Маленький Яир начал обнаруживать сходство с Иммануэлем, моим братом: широкое лицо, пышущее здоровьем, тяжелый нос, высокие скулы. Меня это сходство не обрадовало. Яир был крепким, ненасытным. Он усердно поглощал пищу и сквозь дрему издавал сытое урчанье. Кожа его была розовой. Острова просветленной лазури превратились в маленькие глазки карие, пытливые. Иногда накатывалась на него какая-то непонятная волна гнева, и он молотил воздух сжатымк кулачками. Я думала про себя, что, не будь эти кулачки такими крохотными, было бы опасно приближаться к нему. В такие минуты я звала своего сына «мышонком рыкающим» — по названию известной кинокомедии. Михаэль выбрал для него другое прозвище — Медвежонок. В три месяца у нашего сына было больше волос, чем у многих его сверстников.
Временами, когда ребенок плакал, а Михаэля не было дома, я вставала с постели, босая подходила к кроватке, с силой раскачивала ее и в сладостном утолении боли называла своего сына — Залман-Яир, Яир-Залман. Будто мой мальчик в чем-то провинился передо мной. Я была равнодушной матерью в первые месяцы его жизни. Мне запомнился ужасный визит тети Жени в самом начале моей беременности: иногда, в затмении памяти, мне казалось, что это я хотела избавиться от будущего ребенка, а тетя Женя силой заставила меня не делать этого. Мне казалось также, что скоро я буду мертва, и потому ничего не должна ни одному живому существу. Даже этому ребенку, розовому, здоровому, вредному. Яир был вредный. Часто он орал у меня на руках, и лицо его наливалось краской, подобно лицу пьяного распоясавшегося мужика из русского кинофильма. Только когда Михаэль брал его у меня и пел ему своим низким голосом, Яир милостиво успокаивался. А я хранила обиду, будто кто-то посторонний пристыдил меня, обвинив в черной неблагодарности.
Я помню. Не забыла. Когда Михаэль с ребенком на руках ходил взад и вперед по комнате, от двери к окну, заучивая свои, вызывающие дрожь термины, мне вдруг виделись эти двое, отец и сын, впрочем, все мы втроем виделись мне некой материей, которую я назову «меланхолия», ибо не подберу другого слова, чтобы написать его здесь.
Я была больна. Даже, когда доктор Урбах объявил мне, что осложнения исчезли, к его великому удовлетворению, и я могу вести себя как абсолютно здоровая женщина, — я все еще была больна.
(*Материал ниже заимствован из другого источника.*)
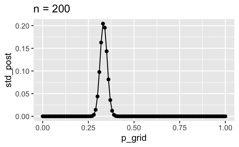Likelihood = dbinom(x = 200, size = 600, prob = p_grid),

И все же я решила удалить постель Михаэля из комнаты, где стояла детская кроватка. Отныне я сама буду заботиться о нашем сыне. Муж мой будет спать в гостиной, чтобы мы больше не отрывали его от работы. Он сможет наверстать упущенное за последние месяцы.
В восемь вечера я кормила ребенка, укладывала его спать, запирала дверь изнутри, и лежала, распростершись, на нашей широкой двуспальной кровати. Иногда в половине десятого или в десять Михаэль робко стучал в дверь. Если я открывала ему, он, бывало, говорил:
— Я видел свет, пробивающийся из-под двери, и подумал, что ты еще не спишь. Поэтому и постучался.